:: REQUIREMENT ::
The answer must be an exact copy of the lines from the one containing "[ 한국미디어뉴스 이보영" through the last line of the records, with no pictures.

:: GIVEN RECORDS ::
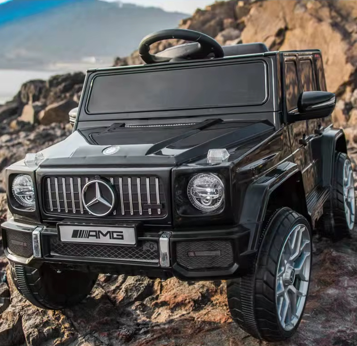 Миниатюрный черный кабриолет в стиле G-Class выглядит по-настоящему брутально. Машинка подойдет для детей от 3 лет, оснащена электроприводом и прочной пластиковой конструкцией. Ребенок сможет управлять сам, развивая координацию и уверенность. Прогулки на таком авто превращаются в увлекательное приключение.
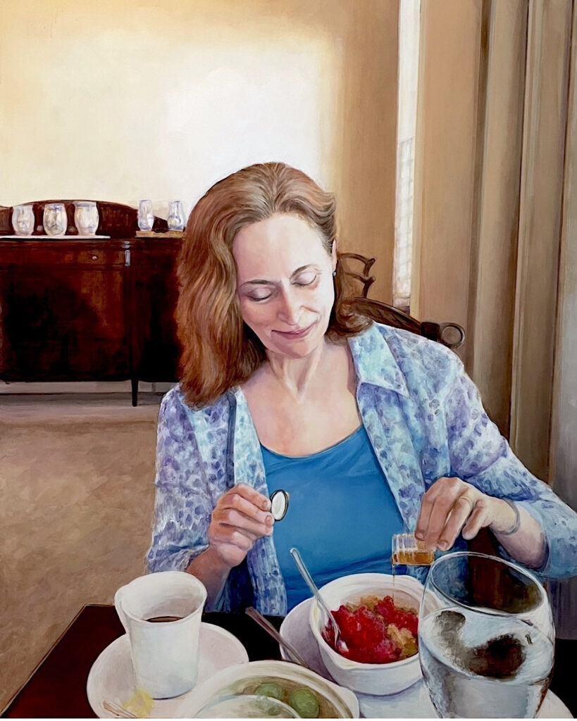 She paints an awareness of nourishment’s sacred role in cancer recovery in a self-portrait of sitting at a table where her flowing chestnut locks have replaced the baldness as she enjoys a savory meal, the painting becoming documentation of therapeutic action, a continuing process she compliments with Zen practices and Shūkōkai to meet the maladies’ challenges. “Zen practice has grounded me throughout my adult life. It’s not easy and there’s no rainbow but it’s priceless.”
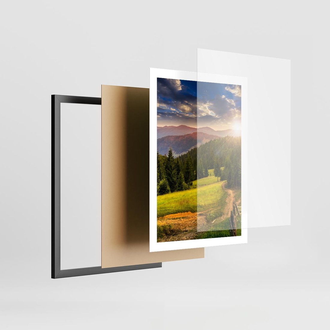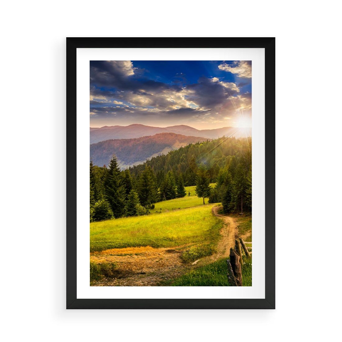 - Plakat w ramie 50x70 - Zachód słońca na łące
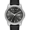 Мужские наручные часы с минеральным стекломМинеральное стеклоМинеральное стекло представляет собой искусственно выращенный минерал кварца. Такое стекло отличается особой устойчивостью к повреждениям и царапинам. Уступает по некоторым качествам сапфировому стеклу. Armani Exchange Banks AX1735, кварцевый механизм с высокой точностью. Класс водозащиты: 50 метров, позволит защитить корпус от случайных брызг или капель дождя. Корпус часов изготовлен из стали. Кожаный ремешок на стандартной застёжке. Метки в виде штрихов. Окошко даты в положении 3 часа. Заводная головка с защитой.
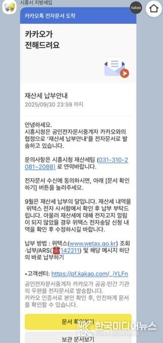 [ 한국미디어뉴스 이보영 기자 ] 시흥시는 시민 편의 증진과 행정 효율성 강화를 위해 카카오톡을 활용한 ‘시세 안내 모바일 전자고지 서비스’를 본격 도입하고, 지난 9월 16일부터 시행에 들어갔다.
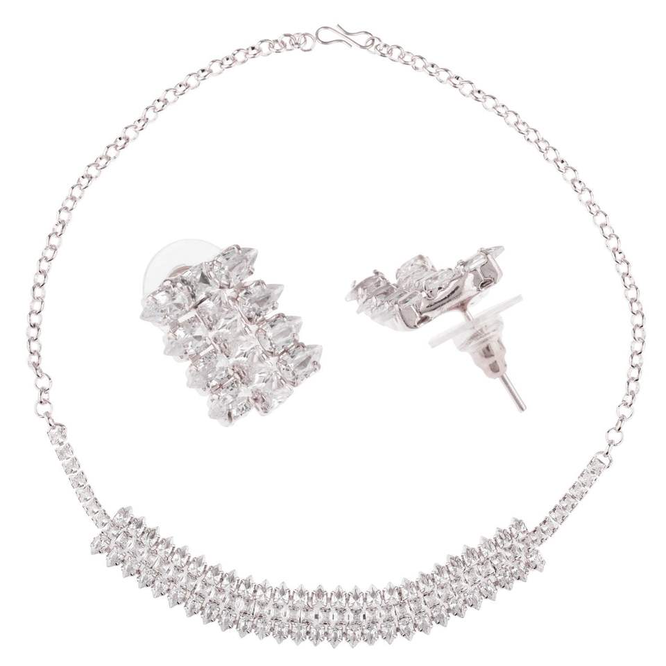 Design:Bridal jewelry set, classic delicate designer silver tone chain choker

:: RESPONSE ::
 [ 한국미디어뉴스 이보영 기자 ] 시흥시는 시민 편의 증진과 행정 효율성 강화를 위해 카카오톡을 활용한 ‘시세 안내 모바일 전자고지 서비스’를 본격 도입하고, 지난 9월 16일부터 시행에 들어갔다.
 Design:Bridal jewelry set, classic delicate designer silver tone chain choker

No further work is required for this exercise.